Consultant engineer Winchelsea harbour c.1577, Dover harbour 1581; supervisor of the works at Dover harbour 1582; muster master gen. of forces in the Netherlands under the Earl of Leicester 1586-94.
Digges has been called ‘the foremost scientific and mathematical writer of Elizabethan England’. He attributed his own scholarly status to his father’s teaching and that of John Dee, and there has been considerable speculation about any formal education he may have had. The namesake who matriculated at Queens’, Cambridge in 1546 was of Leicestershire. However, the seventeenth-century scholar William Fulman states that ‘Leonardus Diggs, mathematicus’ was educated at University College, Oxford, and was followed there by ‘Thomas Diggs praedicti filius’. No date is given.2
It was Robert Dudley, Earl of Leicester, godfather to his son and dedicatee of Stratioticos, who brought Digges into Parliament first for Wallingford, where Leicester was high steward, then for Southampton, where Digges undertook to bear his own expenses. He was an active Member. In 1572 he suggested that a committee be appointed to consider the execution of the Duke of Norfolk; he even prepared a paper to show the dangers of not carrying out the execution. On 20 May 1572, in the debate on rites and ceremonies, he was against ministers being able to conduct services as they liked. He spoke on calivers (4 June) and on the disagreement with the Lords on tale-telling (11 June). His committee activity in 1576 concerned ports (13 Feb.), private bills (27 Feb., 13 Mar.), unlawful weapons (2 Mar.), grants made by the dean and chapter of Norwich (2 Mar.), the draining of salt marshes (6 Mar.), benefit of clergy (7 Mar.), and excess in apparel (10 Mar.). On 13 Mar. he was one of those appointed to hear the counsel for London goldsmiths. On 30 Jan. 1581 he introduced a motion for the maintenance of the navy, and also for ‘the setting of idle persons on work’, suggesting fishing as a possible trade. He served on committees in 1581 concerned with seditious practices (1 Feb.), returns (24 Feb.), the punishment of heretics (27 Feb.), London merchant adventurers (2 Mar.), the Queen’s safety (14 Mar.) and Lord Zouche’s bill (17 Mar.).

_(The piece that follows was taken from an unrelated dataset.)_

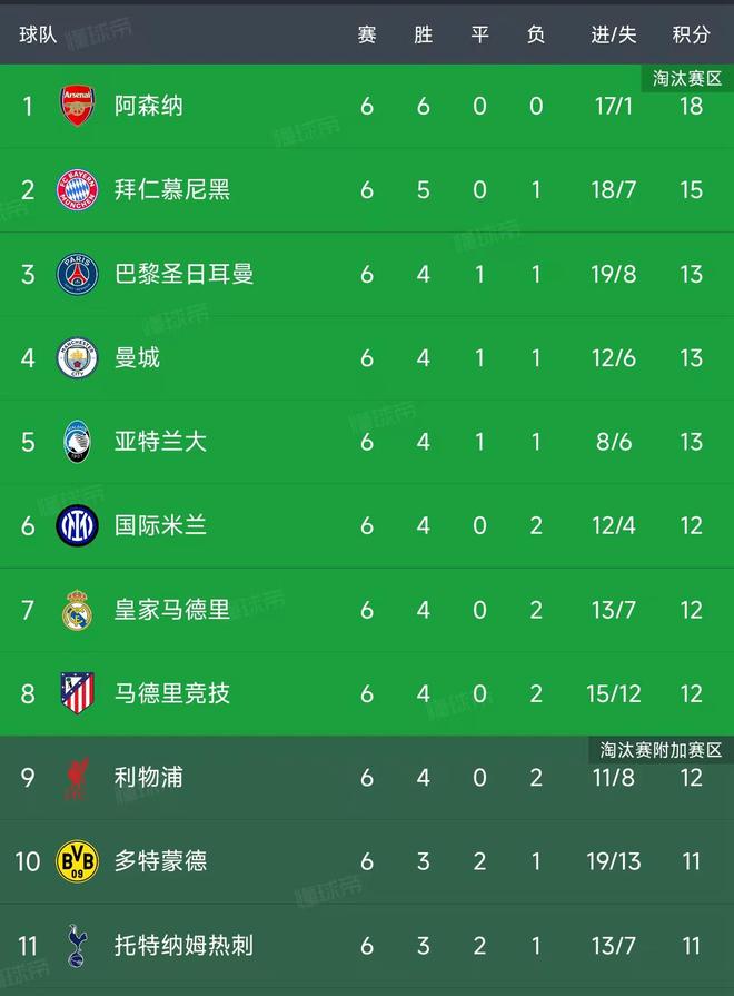 欧冠第6轮结束了所有比赛,最新积分榜如下!

The Queen’s safety and measures against Jesuits were two of the chief concerns of the 1584 Parliament, and Digges held strong views on both issues. Though his name has not been found on the lists, it is highly likely that he attended some of the committees concerning the Queen’s safety in view of the detailed account of one committee (18 Dec. 1584) given in the discourse he wrote in January 1585, during the Christmas recess. In it he criticizes the oath of association:
Methought also (seeing all these associates must of necessity for their own safety presently upon any such accident put themselves and all their friends in arms ...) that a marvellous occasion was offered for any, meaning by faction to advance an undue title, to intrude themselves, and by linking themselves with the more violent affections, to calumniate whom they list, and extol whom they would ... Briefly methought I did behold a confused company of all parts of the realm, at such a time as there is no council of estate in life, no lawful generals, no lawful colonels or captains to guide them in any military action, no presidents, no judges, no sheriffs, no justices: briefly, no officers in life, or authority to maintain justice, preserve peace, or with lawful power to command obedience, or to guide, and direct such a distracted chaos of armed men confusedly rising even at that time when most need should be of greatest government, direction and justice, to suppress factions, decide claims and defend the realm from spoil and invasion of strangers ...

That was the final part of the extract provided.